The schema of a table should be provided in the format displayed below:

{
"column_specification" : {
<column_name} : <redshift_data_type}
},
"primary_key" : [column1, column2, ….], # optional
"dist_key" : <column_name}, #required
"sort_key" : [column1, column2, ….] #required
}

Eg:

{
"column_specification": {
"id": "INTEGER",
"name": "VARCHAR",
"phone_no": "INTEGER",
"time_stamp": "VARCHAR",
"uuid": "VARCHAR"
},
"primary_key": [
"uuid"
],
"dist_key": "uuid",
"sort_key": [
"uuid"
]
}

A json file is to be made using the above specification given.

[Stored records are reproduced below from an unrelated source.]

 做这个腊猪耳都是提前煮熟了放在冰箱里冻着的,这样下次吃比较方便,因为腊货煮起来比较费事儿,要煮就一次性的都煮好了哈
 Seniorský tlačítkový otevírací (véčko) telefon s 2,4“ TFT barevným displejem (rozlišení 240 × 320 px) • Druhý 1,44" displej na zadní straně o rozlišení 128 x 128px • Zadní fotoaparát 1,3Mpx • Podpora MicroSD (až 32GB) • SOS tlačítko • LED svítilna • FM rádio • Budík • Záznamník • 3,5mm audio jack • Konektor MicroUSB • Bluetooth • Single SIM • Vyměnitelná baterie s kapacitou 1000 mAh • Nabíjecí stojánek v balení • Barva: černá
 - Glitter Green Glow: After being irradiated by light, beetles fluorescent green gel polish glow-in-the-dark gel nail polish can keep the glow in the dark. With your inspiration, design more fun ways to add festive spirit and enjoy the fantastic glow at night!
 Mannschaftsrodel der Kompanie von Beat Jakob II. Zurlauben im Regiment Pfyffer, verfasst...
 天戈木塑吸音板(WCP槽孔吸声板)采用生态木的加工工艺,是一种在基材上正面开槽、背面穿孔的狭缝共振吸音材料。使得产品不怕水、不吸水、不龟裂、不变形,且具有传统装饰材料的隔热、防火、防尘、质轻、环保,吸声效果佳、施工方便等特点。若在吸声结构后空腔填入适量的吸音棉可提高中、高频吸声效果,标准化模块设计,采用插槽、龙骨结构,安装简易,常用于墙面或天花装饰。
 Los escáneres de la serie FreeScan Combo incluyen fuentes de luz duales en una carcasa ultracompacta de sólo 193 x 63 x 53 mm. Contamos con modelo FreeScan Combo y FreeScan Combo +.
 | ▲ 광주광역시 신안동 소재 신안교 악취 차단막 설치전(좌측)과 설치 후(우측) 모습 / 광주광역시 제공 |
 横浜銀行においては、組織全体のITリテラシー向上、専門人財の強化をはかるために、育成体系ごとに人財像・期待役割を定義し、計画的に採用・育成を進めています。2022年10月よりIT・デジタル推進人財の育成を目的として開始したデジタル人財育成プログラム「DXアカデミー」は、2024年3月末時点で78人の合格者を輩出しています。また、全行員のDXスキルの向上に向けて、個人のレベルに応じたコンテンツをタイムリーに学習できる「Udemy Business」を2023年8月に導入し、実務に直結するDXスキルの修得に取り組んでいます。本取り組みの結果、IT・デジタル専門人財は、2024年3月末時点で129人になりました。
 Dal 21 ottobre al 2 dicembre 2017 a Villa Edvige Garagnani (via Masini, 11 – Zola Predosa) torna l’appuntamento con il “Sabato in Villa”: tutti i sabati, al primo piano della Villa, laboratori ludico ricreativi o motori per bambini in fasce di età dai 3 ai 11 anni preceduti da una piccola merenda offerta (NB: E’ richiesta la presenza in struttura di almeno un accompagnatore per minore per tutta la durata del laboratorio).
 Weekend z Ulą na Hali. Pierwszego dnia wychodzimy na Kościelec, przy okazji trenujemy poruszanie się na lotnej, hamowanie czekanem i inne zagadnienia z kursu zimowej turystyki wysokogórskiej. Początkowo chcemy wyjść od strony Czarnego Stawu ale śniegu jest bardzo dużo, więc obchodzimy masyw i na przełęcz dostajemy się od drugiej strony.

Path to load the file : s3://****-data-propagator/destination=<destination_name>/database=<database_name>/table_name=<table_name>/schema/create/<file_name>.json

Once the file is loaded into the appropriate path, the lambda triggers and fires a redshift command to create a table as per the schema details provided in the JSON file.

Updating table schemas

There are two types of operations supported under this:

  1. Adding column(s)
  2. Deleting column(s)

Adding columns:

Table columns to be added should be provided in the format displayed below:

{
"column_specification" : {
"<column_name>" : "<redshift_data_type>"
}, #required
"operation_type" : "add" #required
}

eg:

{
"column_specification": {
"city": "VARCHAR",
"state": "VARCHAR"
},
"operation_type": "add"
}

A json file is to be made using the above specification given.

Deleting column(s):

Table columns to be deleted should be provided in the format displayed below:

{
column_specification : [column1, column2, ….], #required
operation_type : "drop" #required
}

eg:

{
"column_specification": ["city", "state"],
"operation_type": "drop"
}

A json file is to be made using the above specification given.

Path to load the file : s3://*****-data-propagator/destination=<destination_name>/database=<database_name>/table_name=<table_name>/schema/update/<file_name>.json

Once the file is loaded into the appropriate path, the columns in the specified redshift table are added or removed (dropped).

Note: Redshift doesn’t support adding or dropping multiple columns using a single query. However, this feature adds the functionality to support adding and dropping multiple columns by providing the info in the JSON file as specified above.

 Inserting and updating data into tables

A CSV file containing the data to be uploaded into the redshift table should be uploaded into the S3 bucket.

Path to load the file for inserting : s3://*****-data-propagator/destination=<destination_name>/database=<database_name>/table_name=<table_name>/input/load/<file_name>.csv

Path to load the file for updating (upserting) : s3://*****-data-propagator/destination=<destination_name>/database=<database_name>/table_name=<table_name>/input/update/<file_name>.csv

Success and Failure notifications

The success and failure notification of any process started using this architecture is sent on the Slack channel, in our case we send it to #data-loader-noitification

Success Notification

Failure Notification

Other usage

Apart from dealing with manual file upload tasks, this tool is also used for managing data insertion and updation flow into Redshift by our ETL cron jobs. This is because, it follows the best practices for inserting and updating data in redshift and is easy to plug and play with the manual and automated data flow requirements

Future scope

  1. Allowing the feature to update required columns. Currently, the tool supports updating an entire row.
  2. Adding a feature to support different file types like JSON, Parquet.
  3. Adding more destinations to the list, like Postgres, MySQL, etc.